In-situ Imaging of Pyrolyzing Aerospace Materials

Tracking morphological changes of materials during heating is crucial to understand its response in fire protection, biofuel production, thermal protection systems (TPS) for hypersonic flight. As materials are heated, they undergo physical and chemical changes due to water loss, stretching or shrinking, pyrolysis and chemical reactions in the ambient environment. The effects of these changes can have a profound impact on the material’s performance, indicated by changes in on the porosity and volume. While materials such as wood shrink as they pyrolyze and lose mass, others swell due to their inherent characteristics when exposed to heat [1]. This study focuses on experiments conducted at the Advanced Light Source (ALS) beamline 8.3.2, where in situ micro-computed tomography (µ-CT) is performed on materials as they are being pyrolyzed. Through in situ µ-CT, the change in total volume and porosity can be obtained in real-time, allowing for better understanding of the underlying thermophysical and chemical processes as a function of temperature. This study also focuses on the implementation of the Porous Microstructure Analysis software (PuMA) [2] to obtain thermal conductivity, permeability, and other properties of the material from the 3D tomographies. The information gained from these tomographies will supplement microscale model development of material morphological change and will aid macroscale modeling for high-temperature applications.

For this study, Room Temperature Vulcanizing silicone (RTV) [3-5] is heated from room temperature to 1000°C using an infrared lamp heating system, and tomographies are continuously collected as the sample is heated. The tomographies are then segmented to obtain solid and void phases, from which estimates of pore size, porosity and total volume are extracted as a function of temperature. PuMA is deployed on the segmented tomographies to obtain thermal conductivity, permeability, and other properties as a function of temperature.
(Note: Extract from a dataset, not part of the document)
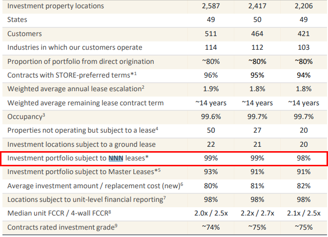스토어캐피탈(STOR)의 자산 임대차 현황을 살펴보면 프리스탠딩(Freestanding) 스토어를 왜 넷리스(Net Lease) 리츠라고 부르는 지를 알게 된다. 투자 자산의 약 99% 이상이 바로 트리플넷(NNN)으로 맺어져있다. 이를 통해서 스토어캐피탈(STOR)은 많은 고정비를 아끼고, 순임대료만 받으면서 안정적인 운영을 유지할 수 있다.

Preliminary results show that RTV first intumesces (swells) as pyrolysis begins, due to build-up of pyrolysis gases in closed pores, and then shrinks significantly as more open pores are formed and the pyrolysis gases outgas. Pore network visualization of the tomographies using OpenPNM [6] showed the increase in pore connectivity with increase in temperature. Future work will focus on using PuMA to obtain macroscopic properties of RTV as a function of temperature.